If x^2 +4x +6 is a factor of x^4 +rx^2 +s, then r+s is:

One of us obtained 32, while the other got 52. I would just like to see what the correct answer is.

All exponents are all just the single number.

2. I never will understand this sort of dispute. This is not meteorology where certain signs may mean rain or they may not. One of you should be able to prove your answer. Who tried? Who succeeded?

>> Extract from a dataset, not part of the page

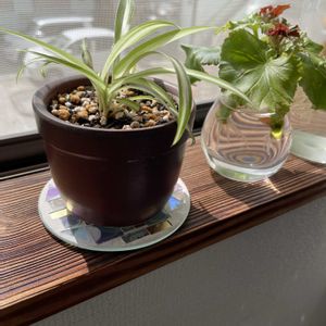 このキラキラのコースター、一目惚れして買いました👀✨ 少しアクセントになります🤏🏻 最初はマリモの下に敷こうかと考えていましたが、思いの外キラキラが見えなくなったのでオリヅルランに🧐 日差しが当たるとより綺麗です👏🏻 オリヅルランの隣は、冬越しして剪定したベゴニアの水挿しです🚿 発根成功しました✨ 赤い葉は新芽です🌱 しばらくこのままにしておこうと思っています🌿

Ignoring all the variables...
(1 0 r) - (1 4 6) = (0 -4 r-6)

(-4 r-6 0) - (-4 -16 -24) = (0 r+10 24)

(r+10 24 s) - (r+10 4r+40 6r+60) = (0 -4r-16 s-6r-60)

-4r-16 = 0
s-6r-60 = 0

Now what?

3. Originally Posted by jd3005
If x^2 +4x +6 is a factor of x^4 +rx^2 +s, then r+s is:

One of us obtained 32, while the other got 52. I would just like to see what the correct answer is.

All exponents are all just the single number.

Long division: $\displaystyle x^4+rx^2+s=(x^2+4x+6)(x^2-4x+(r+10))+\left[(-16-4r)x+(s-6r-60)\right]$ . The last part within the square parenthes4s is the residue and this must be zero, and from here that $\displaystyle -16-4r=0\,,\,\,s-6r-60=0$ , and solving this we get that $\displaystyle r+s=32$ .

Tonio

4. Let $\displaystyle x^4+rx^2+s = (ax^2+bx+c)(x^2+4x+6)$

Then $\displaystyle x^4+rx^2+s = ax^2(x^2+4x+6)+bx(x^2+4x+6)+c(x^2+4x+6)$

$\displaystyle \Rightarrow x^4+rx^2+s = ax^4+4ax^3+6ax^2+bx^3+4bx^2+6bx+cx^2+4cx+6c$

$\displaystyle \Rightarrow x^4+rx^2+s = ax^4+4ax^3+bx^3+6ax^2+4bx^2+cx^2+6bx+4cx+6c$

$\displaystyle \Rightarrow x^4+rx^2+s = (a)x^4+(4a+b)x^3+(6a+4b+c)x^2 +(6b+4c)x+6c$

Then compare the coefficients:

$\displaystyle a = 1$

$\displaystyle 4a+b = 0 \Rightarrow 4(1)+b = 0 \Rightarrow b = -4$

$\displaystyle 6a+4b+c = r \Rightarrow 6(1)+4(-4)+c = r \Rightarrow -10+c = r$

$\displaystyle 6b+4c = 0 \Rightarrow 6(-4)+4c = 0 \Rightarrow -24+4c = 0 \Rightarrow 4c = 24 \Rightarrow c = \frac{24}{4} = 6$

$\displaystyle s = 6c = 6(6) = 36$

$\displaystyle r = -10+c = -10+6 = -4.$

We have $\displaystyle s = 36$ and $\displaystyle r = -4$. Hence $\displaystyle s+r = 36-4 = 32$.